Your customers are telling you what they need — but are you really hearing them? 

Speech analytics tools help contact centers turn thousands of conversations into clear, actionable insights.

At Balto, we know that real-time performance hinges on what happens in the moment. That’s why we created this guide to the top speech analytics tools in 2025 — what they are, why they matter, and how to choose the right one for your team.

Let’s start with a definition: Speech analytics refers to the use of AI-powered tools to transcribe, analyze, and extract insights from customer conversations, typically over the phone. 

These tools help contact centers understand customer sentiment, monitor agent performance, flag compliance risks, and uncover trends that drive better decision-making.

In 2025, some of the top speech and voice analytics solutions include:

  • Balto – Best for real-time agent guidance; ideal for teams that want to improve performance while the call is still happening.
  • CallMiner – Best for post-call analysis at scale; perfect for enterprise teams needing deep multi-channel insights and trend detection.
  • Observe.AI – Best for QA automation and coaching workflows; great for contact centers focused on performance scoring and compliance.
  • NICE Nexidia – Best for advanced analytics and scalability; suited for large operations with complex reporting and language needs.
  • Verint – Best for risk and compliance-heavy environments; trusted by organizations with strict security and regulatory requirements.
  • Gong.io – Best for sales enablement and conversation intelligence; a top pick for revenue teams looking to optimize deal performance.
  • Genesys Cloud – Best for teams already using Genesys CX; seamless native analytics that integrate with your existing platform.
  • Enthu.AI – Best for small to mid-sized teams; a fast, affordable option for scaling QA and analyzing call data with minimal setup.

When evaluating speech analytics tools, teams should look for features like:

  • Accurate speech-to-text transcription
  • Real-time or post-call analysis
  • Sentiment and emotion detection
  • Automated QA scoring
  • CRM and CCaaS integrations
  • Compliance monitoring
  • Coaching workflows

The benefits of implementing speech analytics include more efficient quality assurance, improved agent performance, better customer experiences, reduced risk, and deeper business intelligence — all from the conversations you’re already having.

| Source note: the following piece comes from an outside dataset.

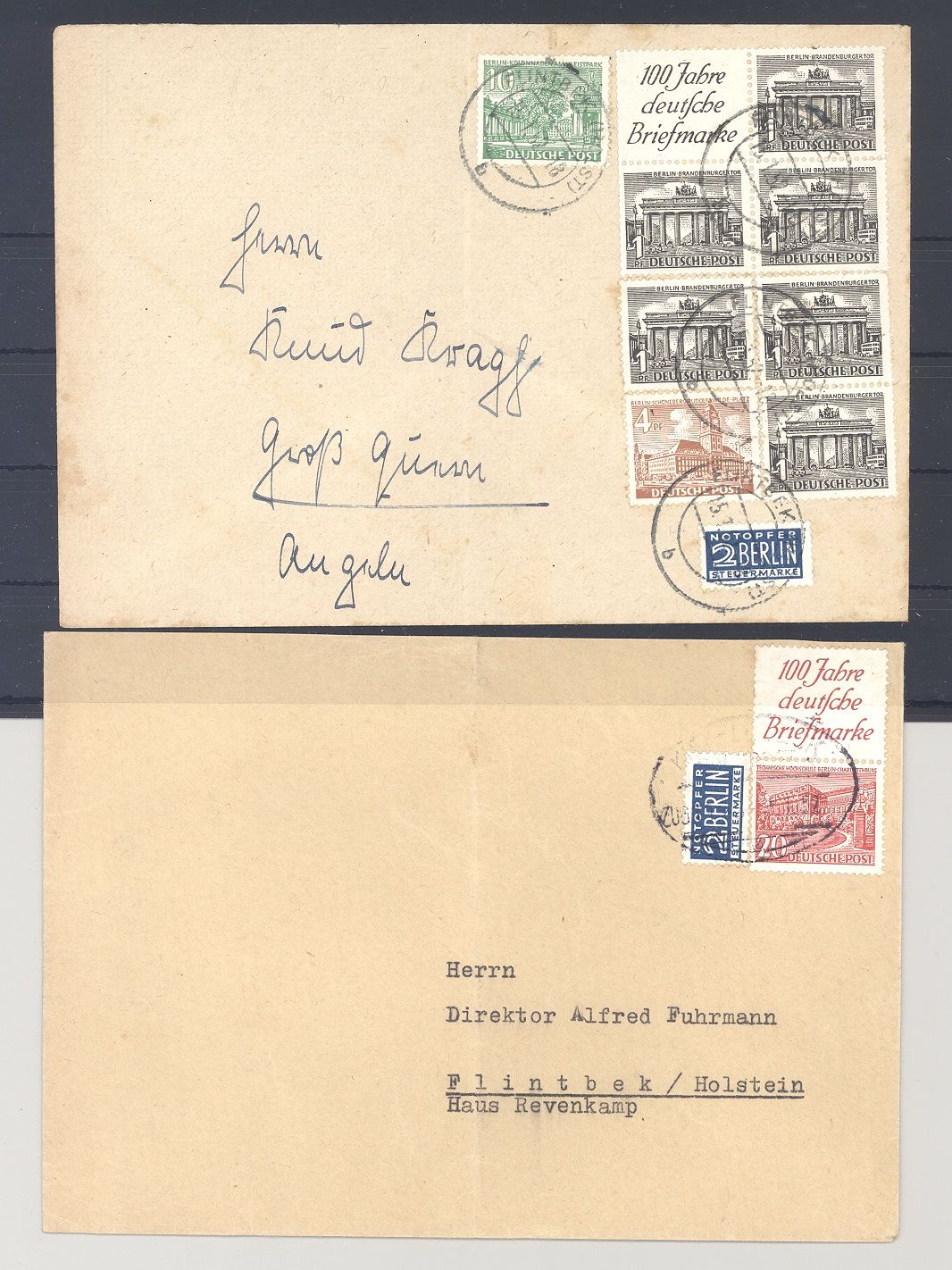 Berlin, zwei Briefe mit Zusammendrucken aus Bauten 1949 als Posten. Es sind die Michel Nummern W1 und S4 vorhanden, nette Ergänzung zur Sammlung!

In this guide, we’ll explore all of the above and more — including how to choose the right solution, how these tools integrate into your existing systems, and where the future of speech analytics is headed.

What Are Speech Analytics Tools?

Speech analytics tools are software solutions that use AI to analyze customer conversations, typically phone calls, at scale. 

These tools transcribe, process, and interpret spoken language to uncover insights about customer sentiment, agent performance, compliance, and common friction points.

Today’s leading speech analytics solutions go far beyond simple transcription. They identify keywords, detect emotional cues, track silence duration, flag compliance violations, and even offer real-time coaching and QA support.

Key Capabilities of Speech Analytics Software

  • Automated Transcription of calls using speech recognition
  • Keyword & Topic Detection to flag trends, product issues, or escalation triggers
  • Sentiment & Emotion Analysis to measure customer satisfaction and customer service
  • Compliance Monitoring to ensure script and disclosure adherence
  • Agent Performance Insights, including talk-to-listen ratios, dead air, and soft skills
  • Quality Assurance Automation using conversation scoring and coaching suggestions

Whether you’re running a QA program, improving CSAT, or coaching agents in real time, speech analytics tools offer scalable insights that human reviewers simply can’t match.

Speech vs. Voice Analytics: What’s the Difference?

While often used interchangeably, speech analytics typically refers to the analysis of spoken audio (like live or recorded calls), while voice analytics tools may include tone, emotion, or acoustic analysis, helping organizations understand how something was said, not just what was said.

Top 8 Speech and Voice Analytics Solutions in 2025

With dozens of options on the market, choosing the right speech analytics tools depends on your contact center’s size, tech stack, and goals. 

Here are some of the best speech and best voice analytics software platforms making an impact in 2025, from enterprise-ready systems to agile AI-driven solutions.

1. Balto

Best for: Real-time guidance and live call coaching

Balto is a leading speech analytics tool that delivers in-the-moment support for agents, not just post-call analysis. 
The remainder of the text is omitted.